For those of us who witnessed the first dot-com crash, it became clear that another would follow because the model had not changed at all. That one seemed to end in 2007 when mobile computing became huge, but even so, the model never changed.

We knew that the internet would fit into something like one of the models we already had: telephone, newspaper, television, cable, or radio. As it turned out, the internet went after the newspaper model, where advertising pays for almost everything, but mixed in video to try to make it thrive.

Although internet ad revenues keep rising, the effectiveness of internet advertising has always been in doubt. Advertisers pitch to where the users are, but it takes them years to find out that what they are doing has not been successful, and this is steadily the case with the internet.

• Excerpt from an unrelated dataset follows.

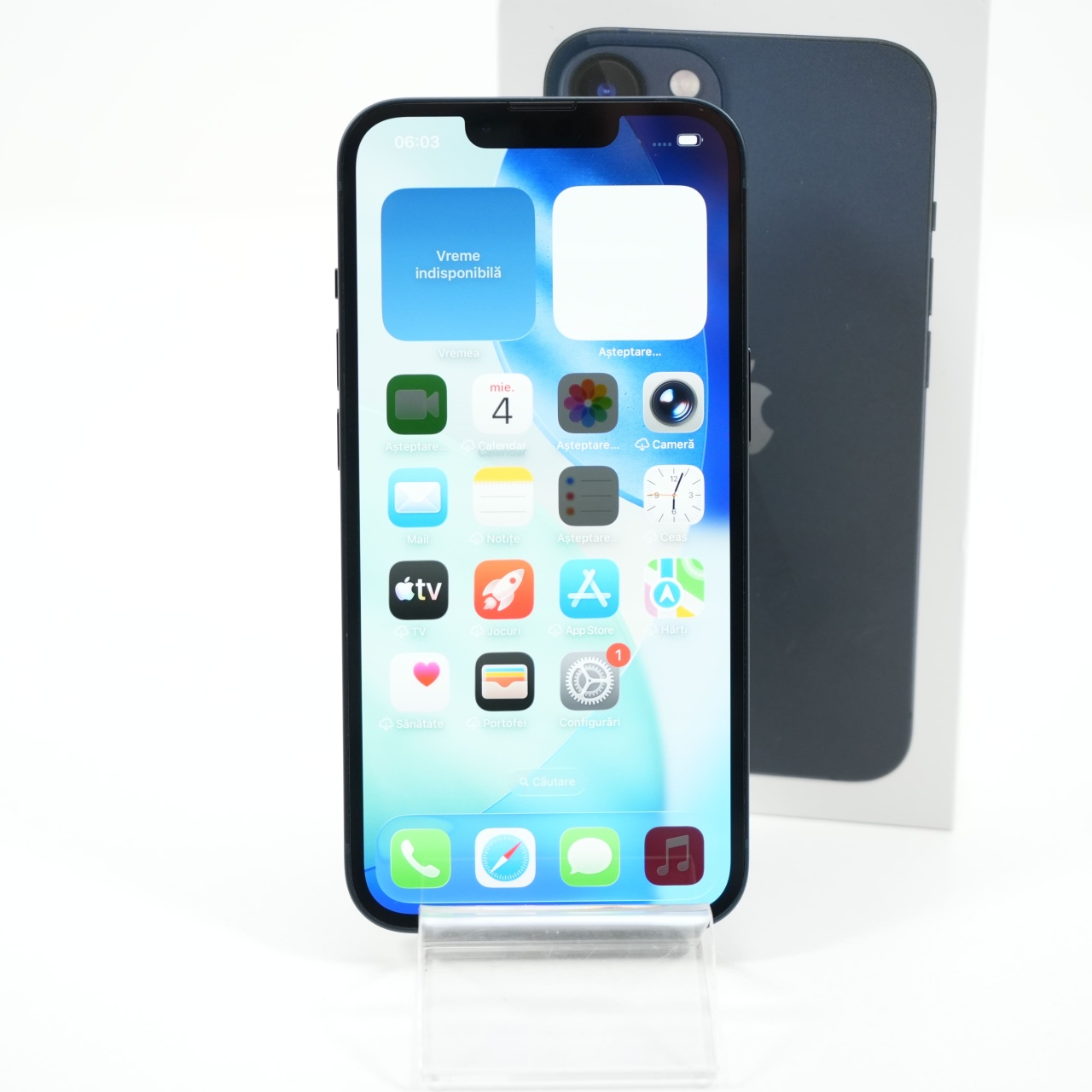 Ecran: 6.1 Procesor: Apple A15 Bionic Memorie RAM: 4 GB Memorie interna: 128GB Camera Foto: Principala 12 MPx, Frontala 12 MPx Stare retea: Liber de rețea

Eventually, the false advertising money will run out, and we are going to have to confront the fact that Facebook, Netflix, Instagram, Reddit, and Twitter, et al., are worthless in practical terms.

Dot-Com 3.0 depends on Web 2.0 “push” interfaces to keep stuff scrolling across your screen while you click, but it turns out that very few of the ads actually sell anything. Rather, like Antifa and mousy cat ladies with hand-lettered signs, they “raise awareness.”

As it turns out, internet ads are probably worthless:

Last year, a group of economists working with eBay’s internal research lab issued a massive experimental study with a simple, startling conclusion: For a large, well-known brand, search ads are probably worthless. This month, their findings were re-released as a working paper by the National Bureau of Economic Research and greeted with a round of coverage asking whether Internet advertising of any kind works at all.

“We know a lot less than the advertising industry would like us to think we know,” Steven Tadelis, one of the eBay study’s co-authors, told me.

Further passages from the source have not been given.